GigaChat
GigaChat
Table of contents
GigaChat-20B-A3B-base
A large language model based on Mixture of Experts (MoE) architecture, trained specifically for the Russian language from scratch. The model has 20B parameters in total with 3B active. Supproted context length =131k tokens.
Resources
Benchmarks
Common LLM metrics by LM Evaluation Harness.

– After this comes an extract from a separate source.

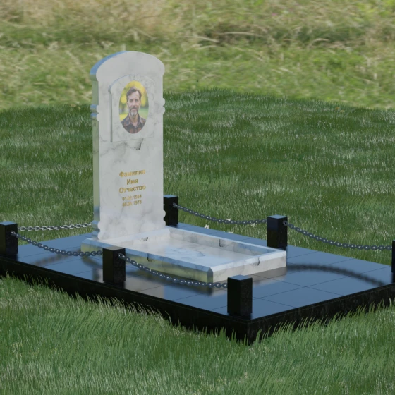 Благоустройство участка продумано до мелочей и формирует законченное сакральное пространство. Основание мемориала установлено на массивный гранитный цоколь, который служит надежным фундаментом и защищает конструкцию от сезонных изменений почвы. Территория полностью облицована широкоформатными полированными плитами — такое решение не только придает эстетическую завершенность, но и гарантирует безупречный вид участка на десятилетия, сводя уход за ним к минимуму. По периметру установлены строгие квадратные столбики из камня, соединенные декоративными цепями. Эта деталь визуально очерчивает границы личного пространства, создавая атмосферу уединения и покоя, отделяя место памяти от остального мира.

Bench | T-lite-0.1 (llama 3.1 8B based) | Llama-3.1-8B | GigaChat-20B-A3B-base | Gemma-9B |
---|---|---|---|---|
MMLU (5-shot) | 62.56 | 65.21 | 63.02 | 70.6 |
MMLU-pro (5-shot) | 32.19 | 35.7 | 31.41 | 42.85 |
MMLU-ru (5-shot) | 55.51 | 54.1 | 58.38 | 62.57 |
BBH (3-shot) | 62.36 | 62.79 | 53.54 | 70.48 |
ARC-C (25-shot) | 58.19 | 54.69 | 61.69 | 68.34 |
TruthfulQA (0-shot) (rougeL) | 46.51 | 34.52 | 31.82 | 41.49 |
Winogrande (5-shot) | 78.45 | 77.43 | 75.85 | 79.4 |
Hellaswag (10-shot) | 82.21 | 81.85 | 81.91 | 82.5 |
GPQA (5-shot) | 0.25 | 23.44 | 25.22 | 30.36 |
MATH (4-shot) | 12.9 | 14.04 | 15.04 | 20.06 |
GSM8K (4-shot) (strict-match) | 67.93 | 51.4 | 59.06 | 68.99 |
HumanEval | 16.46 | 25.61 | 32.32 | 37.2 |
AVG | 47.96 | 48.4 | 49.11 | 56.24 |
GigaChat-20B-A3B-instruct
A dialog GigaChat model, based on GigaChat-20B-A3B-base. Supproted context length =131k tokens.
Resources
Benchmarks
T-lite-instruct-0.1 (llama 3.1 8B based) | gemma-2-9b-it | GigaChat-20B-A3B-instruct | |
---|---|---|---|
MERA | 0.335 | 0.392 | 0.513 |
ru-MMLU 5-shot | 0,555 | 0,626 | 0,598 |
Shlepa | 0.36 | 0.388 | 0.482 |
Mechanism of concentration
Mechanism that forces GigaChat MoE to answer in a certain domain. It is based on the property of GigaChat MoE experts specialization.